TO DO: Restate word for word the lines from the one bearing "凝土地面。使用越久光澤度越好" through the end of the entries below, and leave every picture out.

GIVEN DATA:

####

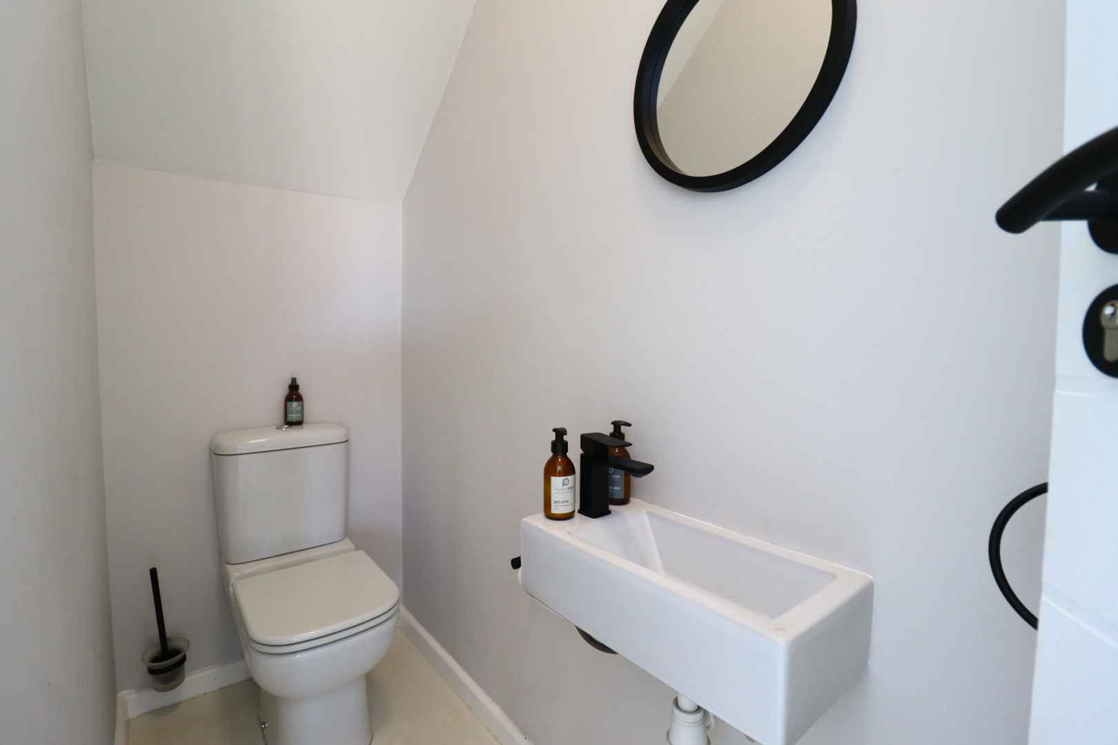 The wind-protected entrance opens into a bright guest lounge with a neatly placed guest toilet.
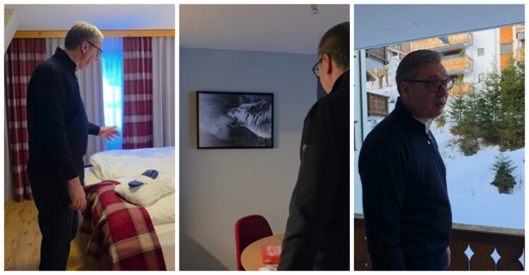 🎥 „ОВДЕ МИ Е КРЕВЕТОТ, А ТУКА СТАВИЛЕ ВОЛК“ Српскиот претседател Вучиќ сподели видео од сместувањето близу Давос
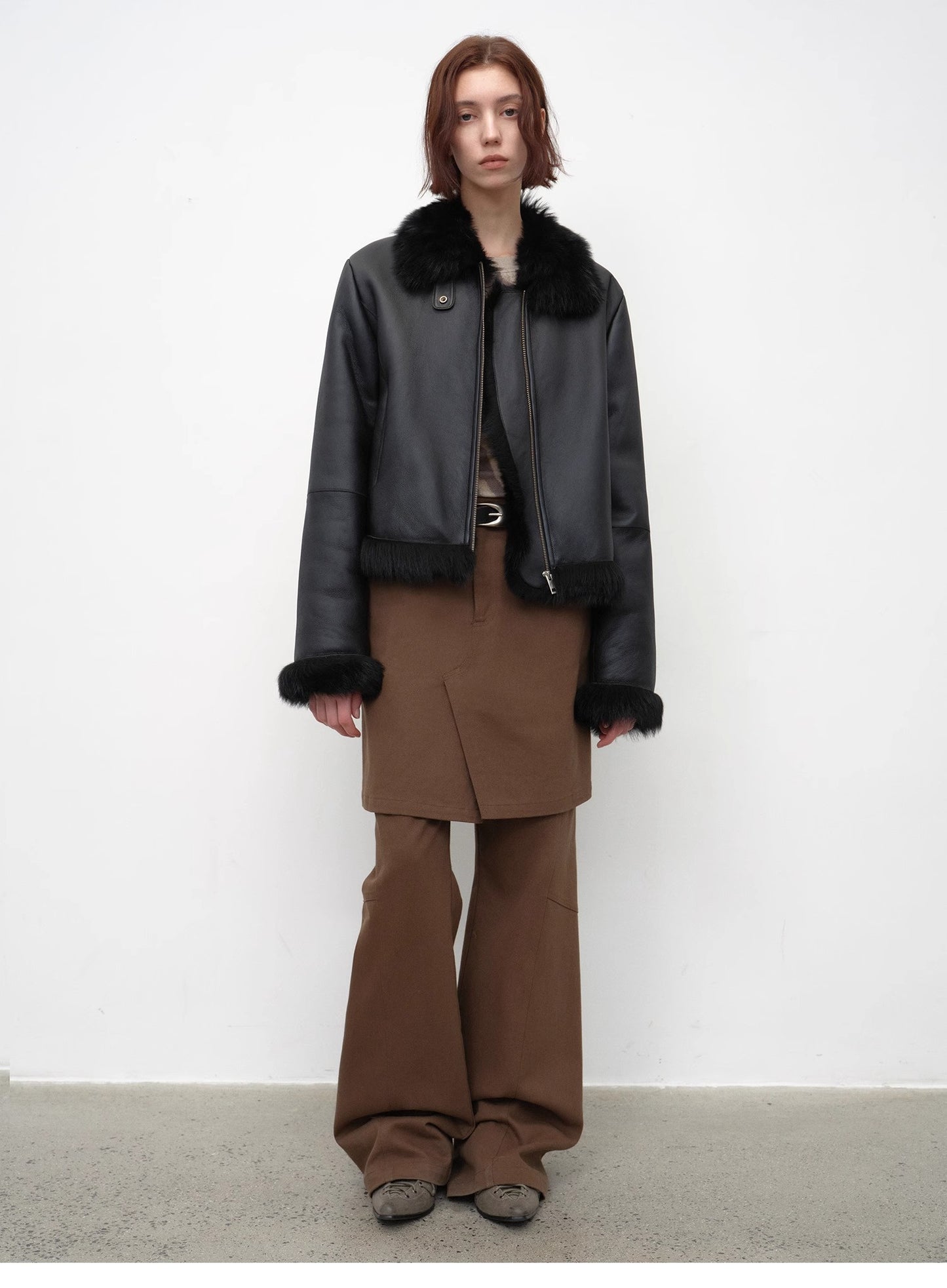 "Luxury and Elegance" motorcycle style Tuscan sheepskin short fur coat for women
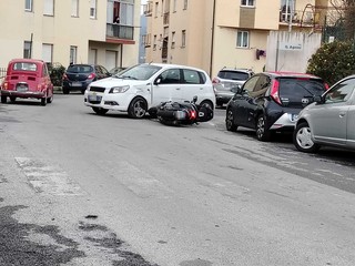 Savona, incidente in via Barbiani, scontro tra un'auto e uno scooter
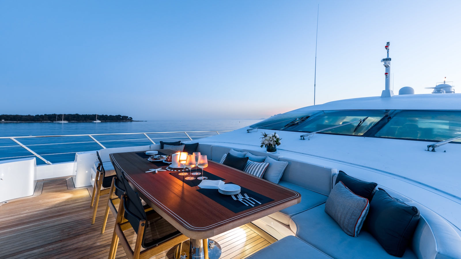 Motor yacht BEACHOUSE features a light and airy interior décor. Her fresh ambience is that of a luxurious beach house.
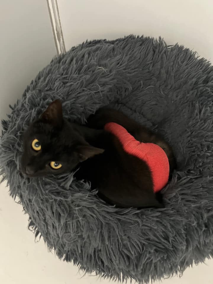 Querida 🖤 Der Preis für den Pechvogel des Monats geht an Querida 🙁 Unsere arme Schwarze Schönheit Querida hatte einen Unfall im Familienzimmer. Sie hat sich auf für uns unerklärliche Weise das Bein gebrochen. Es ist eine sehr dünne, schmale Fraktur in ihrem Oberschenkelknochen. Wir haben bemerkt das sie humpelt und haben sie sofort zum VET gebracht. Das Röntgen war leider eindeutig. Eine Operation hielt der VET für nicht angebracht. Sie hat stattdessen diesen Verband bekommen. Wir hoffen es heilt alles ganz schnell und sie ist diesen Merkwürdigen Verband bald wieder los. Biliana überprüft ihn jeden Tag, ob sich keine Stauungen bilden. Sogar Sonntags fährt sie extra ins Shelter. Bitte drückt der Armen die Pfoten das alles gut wird und sie bald wieder bei Ihren Brüdern sein kann.
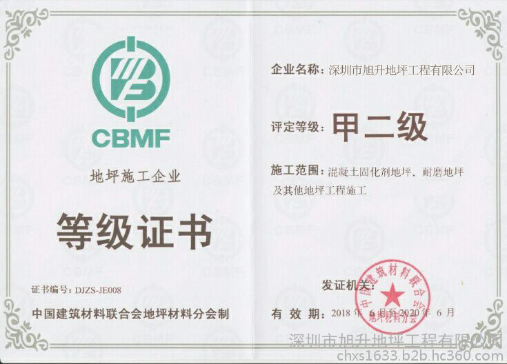 凝土地面。使用越久光澤度越好,且壽命更可達到20 年以上,被公認為地坪類產品使用壽命的產品。并大量用于一般高硬度軍事設施、國防、防空洞、遂道、大型橋梁、電力、倉儲物流中心、碼頭、直升機停機砰、重型機械廠房、飛機維修庫等混凝土、水磨石或金鋼砂硬化劑地面上。
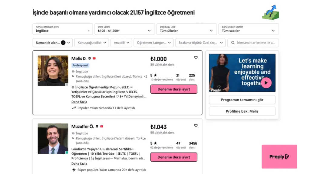 Preply → Sınav hazırlığı veya iş İngilizcesi gibi niş alanlarda uzman seçimi.

####

REPLY:
 凝土地面。使用越久光澤度越好,且壽命更可達到20 年以上,被公認為地坪類產品使用壽命的產品。并大量用于一般高硬度軍事設施、國防、防空洞、遂道、大型橋梁、電力、倉儲物流中心、碼頭、直升機停機砰、重型機械廠房、飛機維修庫等混凝土、水磨石或金鋼砂硬化劑地面上。
 Preply → Sınav hazırlığı veya iş İngilizcesi gibi niş alanlarda uzman seçimi.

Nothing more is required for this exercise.